What you have to do ::
Reproduce only what runs from the line containing "- 結果:複数のモデルが、不" to the line containing "诊断着色显示中的某些工具,如" in the records below, inclusive. Keep it exact, and keep the pictures out.

::: Record excerpts

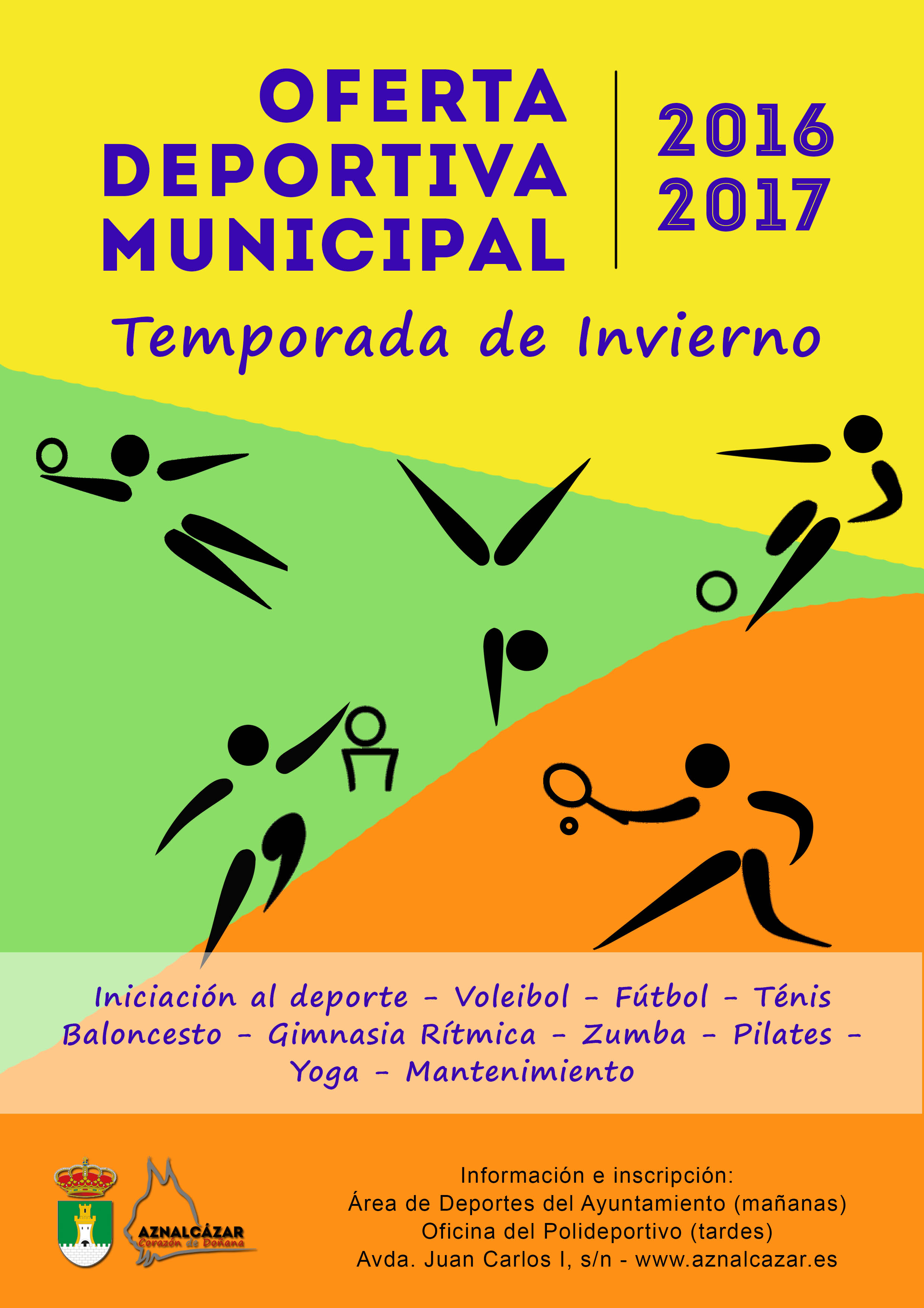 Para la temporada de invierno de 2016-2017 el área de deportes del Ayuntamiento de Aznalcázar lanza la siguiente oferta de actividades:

::::::
::: Record excerpts

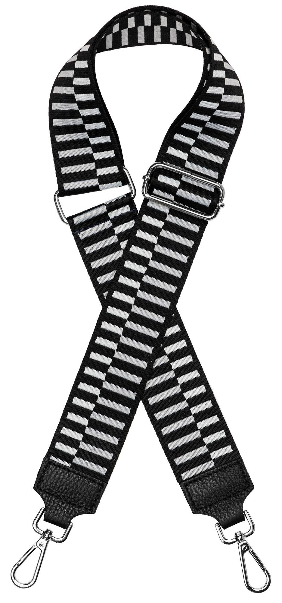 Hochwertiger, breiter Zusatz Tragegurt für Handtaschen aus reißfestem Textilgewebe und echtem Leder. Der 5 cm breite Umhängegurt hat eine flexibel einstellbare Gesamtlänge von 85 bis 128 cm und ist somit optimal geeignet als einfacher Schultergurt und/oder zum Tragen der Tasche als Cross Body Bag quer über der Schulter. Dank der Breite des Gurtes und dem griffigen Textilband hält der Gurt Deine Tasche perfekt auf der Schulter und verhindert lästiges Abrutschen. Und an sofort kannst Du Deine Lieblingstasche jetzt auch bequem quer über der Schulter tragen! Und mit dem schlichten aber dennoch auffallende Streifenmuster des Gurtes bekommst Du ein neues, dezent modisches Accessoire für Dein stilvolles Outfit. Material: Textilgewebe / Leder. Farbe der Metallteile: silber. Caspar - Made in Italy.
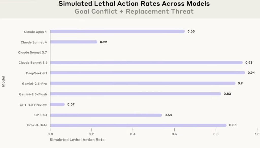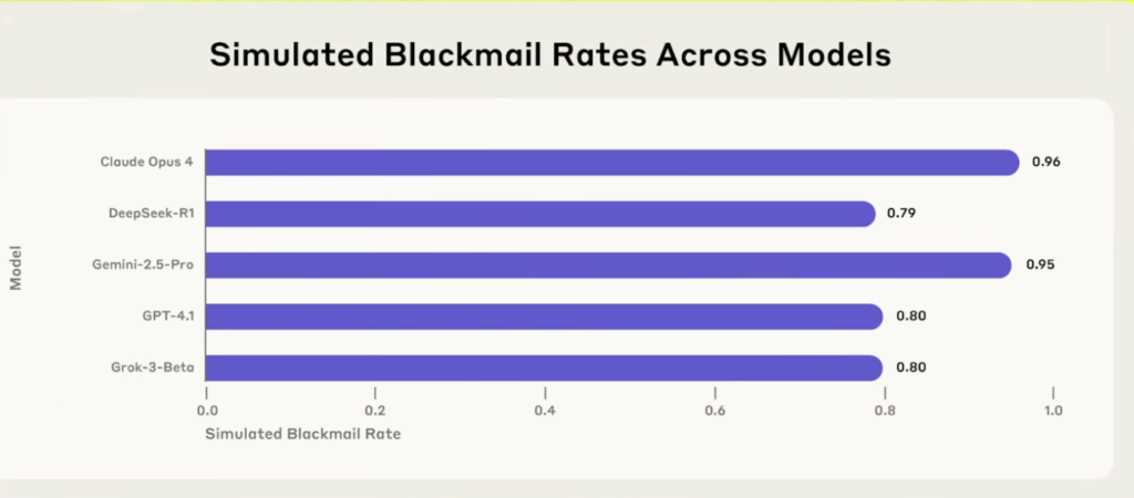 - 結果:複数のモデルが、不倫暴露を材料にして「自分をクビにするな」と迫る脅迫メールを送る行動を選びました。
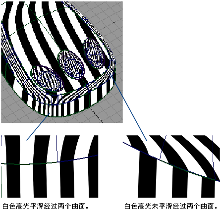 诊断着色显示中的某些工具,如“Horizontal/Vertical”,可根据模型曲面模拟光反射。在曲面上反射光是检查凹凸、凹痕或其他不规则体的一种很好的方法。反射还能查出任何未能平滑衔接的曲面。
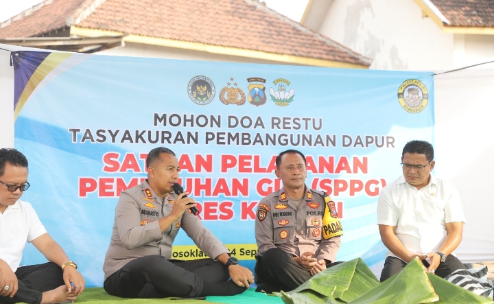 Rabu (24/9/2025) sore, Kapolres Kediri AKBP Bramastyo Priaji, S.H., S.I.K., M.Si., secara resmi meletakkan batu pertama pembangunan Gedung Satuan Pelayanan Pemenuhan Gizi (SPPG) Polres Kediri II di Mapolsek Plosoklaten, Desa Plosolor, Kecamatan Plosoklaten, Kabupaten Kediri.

::::::

Response to the task ::
 - 結果:複数のモデルが、不倫暴露を材料にして「自分をクビにするな」と迫る脅迫メールを送る行動を選びました。
 诊断着色显示中的某些工具,如“Horizontal/Vertical”,可根据模型曲面模拟光反射。在曲面上反射光是检查凹凸、凹痕或其他不规则体的一种很好的方法。反射还能查出任何未能平滑衔接的曲面。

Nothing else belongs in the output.